Thinking about buying an 2007 Arctic Cat H1 4x4 Automatic and was wondering if anyone has opinion about this Quad, good or bad.

Thanks in advance
Rich


----------



## VARMINTHUNTERLAKEORION (Jan 12, 2005)

A buddy of mine just bought the same machine, he thinks it's awsome. Will know more in a few weeks - he's only had for a couple weeks now. Myself I've got an Artic-cat as well - 2005,400 4x4 auto - it's a very good machine - no problems at all and definately would recommend an Artic-cat to anyone - very reliable, good mileage per tankfull, very comfortable machine on those trail rides and goes through just about anything, I'm very pleased with my purchase - you will as well.


----------



## bigcountrysg (Oct 9, 2006)

The only thing I have a problem with, about the Artic Cat ATVs is the aftermarket parts. Not alot of Aftermarket performance parts for them yet. But there will be just give it time. I hear they are a reliable machine. If they are that good with building snowmobiles I am sure there ATVs are built with the same care of quality. Even though they are a copy of Suziki.


----------



## Swamp Monster (Jan 11, 2002)

bigcountrysg said:


> The only thing I have a problem with, about the Artic Cat ATVs is the aftermarket parts. Not alot of Aftermarket performance parts for them yet. But there will be just give it time. I hear they are a reliable machine. If they are that good with building snowmobiles I am sure there ATVs are built with the same care of quality. Even though they are a copy of Suziki.



Some used Suzuki Engines, some used Kawasaki Engines. Thats about where the copying stops. The new 700 uses the Kinq Quad's engine and one of the two 650's (the v-twin model) uses Kaw's 633cc that's in my Brute Force. The rest of the design is all cat. They also have their own engine built here in North America but I can't remember which one. As far as performance parts go, the Kaw motor has a lot of aftermarket support and I'm sure the KQ 700 will rather soon. I think the 500 Cat used at one time anyway, the Suzuki Vinson engine which was the strongest 500 class motor until BRP came along, and has plenty of aftermarker hop up support. Lift kits and axle kits are also popular for the big cats, as they already have class leading ground clearance. One great thing about AC is the accessory program they offer.....they have just about anything you'd want for work and play.
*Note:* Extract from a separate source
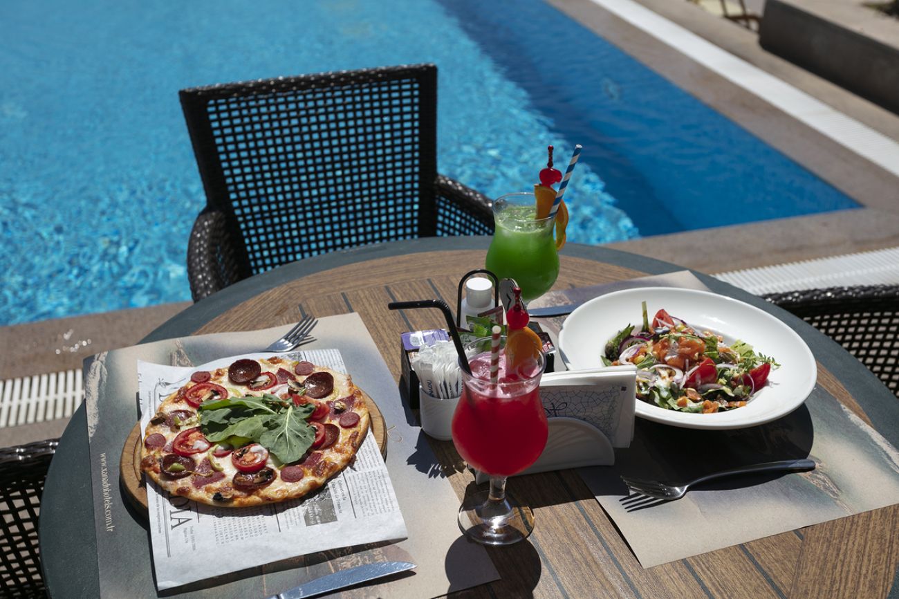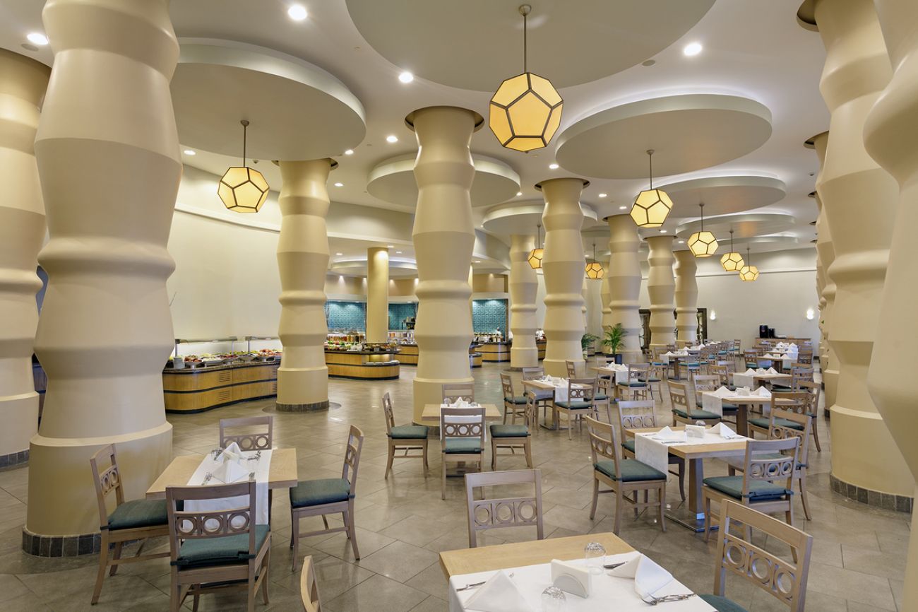 Настаняване на база High Class All Inclusive на отворен бюфет. 3 а-ла-карт ресторанта - италианска, турска и морска кухня. 7 бара.

Their speed rack set up is pretty cool. Only negative is that AC brand accesories are pricey.


----------



## bigcountrysg (Oct 9, 2006)

I know that the atvs from AC that have the Kawisiki engines and Suziki engines have aftermarket parts out there already but as far as the other stuff like the rack system you can only us AC stuff. I suggest replacing the racks with aftermarket ones and get the aftermarket rack systems as they are cheaper. But then again I have not seen any aftermarket rack systems for the AC as they have there own already forsale. But you have to pay the price for them. As for the copying stops at the engines. The Artic Cat Sport quad that is a 400 cc engine. Looks just like the Kaw and Suziki 400 ktz and 400 ltz. So there is more copying going on then just the engines. As when Artic cat came out with there atv lineup Kaw and Suz were making them for Artic Cat.


----------



## MichiganHunter1971 (Jan 30, 2007)

My wife bought a 2006 arctic cat 400 4x4 auto, The thing is great . I own a Polaris 500 h.o. 4x4, which is a great machine to, but the arctic cat has a lot more torque, I Like it more than mine. I would tell you to get on, you will not regret it.


----------



## Swamp Monster (Jan 11, 2002)

bigcountrysg said:


> I know that the atvs from AC that have the Kawisiki engines and Suziki engines have aftermarket parts out there already but as far as the other stuff like the rack system you can only us AC stuff. I suggest replacing the racks with aftermarket ones and get the aftermarket rack systems as they are cheaper. But then again I have not seen any aftermarket rack systems for the AC as they have there own already forsale. But you have to pay the price for them. As for the copying stops at the engines. The Artic Cat Sport quad that is a 400 cc engine. Looks just like the Kaw and Suziki 400 ktz and 400 ltz. So there is more copying going on then just the engines. As when Artic cat came out with there atv lineup Kaw and Suz were making them for Artic Cat.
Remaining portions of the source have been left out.